[Purple Pill Challenge 2023] Secure House / Ladybug

Tags: #cryptography #ctf

2023-10-13

Secure House (aka. Ladybug) was a cryptography challenge from this year’s Purple Pill Challenge. It featured a casino in which users had to guess a random number in order to win coins. Once a certain coin threshold was met, the flag would be printed. The challenge source code is available here.

TL;DR

  • Copy paste Hellman’s writeup and pray.
  • Spend 2 x 4 coins to get two successive outputs from the QCG.
  • Use the two successive outputs to construct a bivariate polynomial.
  • Use the Coppersmith method to recover the internal state of the QCG.

Source code analysis

The PRNG class used by the casino is a truncated Quadratic Congruential Generator (QCG), a quadratic version of the more common truncated LCG. The “public parameters” (the coefficients and modulus) of the QCG are known however the outputs are truncated so we can’t clone the QCG just yet, we need to recover its internal state first.

class RNG:
    def __init__(self, seed):
        self.p = getStrongPrime(512)
        self.a = random.getrandbits(512)
        self.state = int.from_bytes(seed, "big") # seed = os.urandom(64)

    def _next(self):

        # y ≡ a * x**2 + b * x + c mod p
        # here a = 1, b = 0 and c = self.a  
        self.state = (self.state**2 + self.a) % self.p
        return self.state >> 170

Recovering the internal state

We only have enough coins to get two successive outputs from the casino but luckily, that’s all we need. With these two outputs, we can construct the following bivariate polynomial and use the Coppersmith method to find its roots.

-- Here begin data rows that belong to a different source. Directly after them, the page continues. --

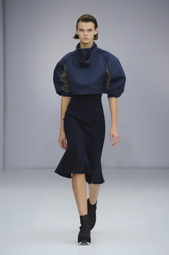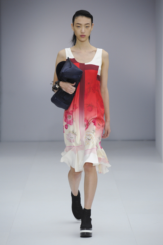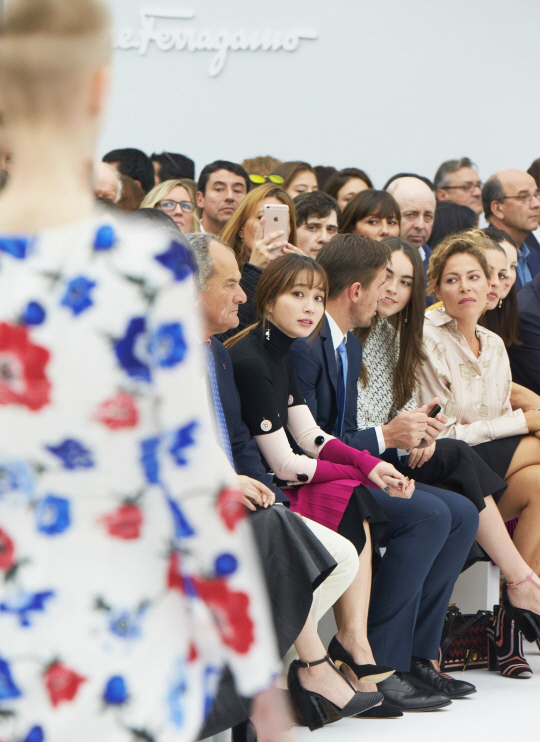 지난 25일(현지시간) 이탈리아 밀라노에서 진행된 살바토레 페라가모(Salvatore Ferragamo) 2017 S/S 컬렉션에 참가한 이민정의 모습이다.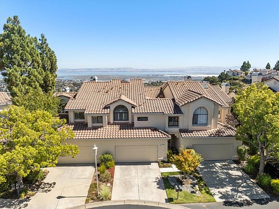Set atop a serene hillside, this stunning 2,446 sq. ft., two-story home offers breathtaking San Francisco Bay Area views. With 3 bedrooms, 2.5 baths, and an office (which can serve as a fourth bedroom), it's perfect for both work and relaxation. The elegant entry leads to a living and dining room with a double-sided fireplace and stunning views. The well appointed kitchen boasts top-of-the-line Bosch appliances, a breakfast bar, coffered ceiling while the family room features a wet bar for entertaining. The primary ensuite features a spa-like retreat, a deluxe sunken tub, a luxurious shower, and a spacious walk-in closet. Outside, enjoy a private gated courtyard and a large entertaining deck. Additional features include hardwood floors, central A/C, intercom, and a two-car garage.
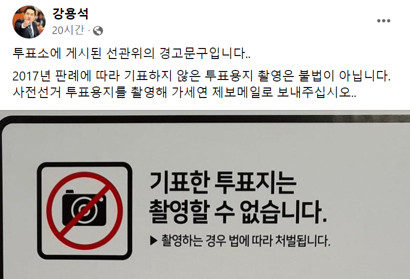 강용석 변호사는 3월 4일 본인의 페이스북을 통해 선관위의 경고문구를 소개하며 "2017년 판례에 따라 기표하지 않은 투표용지 촬영은 불법이 아닙니다. 사전선거 투표 용지를 촬영해 가세연 제보 메일로 보내달라"고 요청해 논란이 일었습니다.
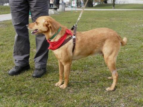 Obecnie psiak przebywa w domu tymczasowym i czeka na nowy, odpowiedzialny dom.

Let v0, v1 be two successive untruncated outputs from a QCG (partially known),
let w0, w1 be two successive truncated outputs from a QCG (known) and
let x, y be the truncated parts of the two successive outputs (unknown).

    v1              = v0                ** 2 + a                     mod p
<=> w1 * 2**170 + y = (w0 * 2**170 + x) ** 2 + a                     mod p
<=> 0               = (w0 * 2**170 + x) ** 2 + a - (w1 * 2**170 + y) mod p

    f(x, y) = (w0 * 2**170 + x) ** 2 + a - (w1 * 2**170 + y) mod p

We can now use the Coppersmith method to recover the internal state using only two successive outputs.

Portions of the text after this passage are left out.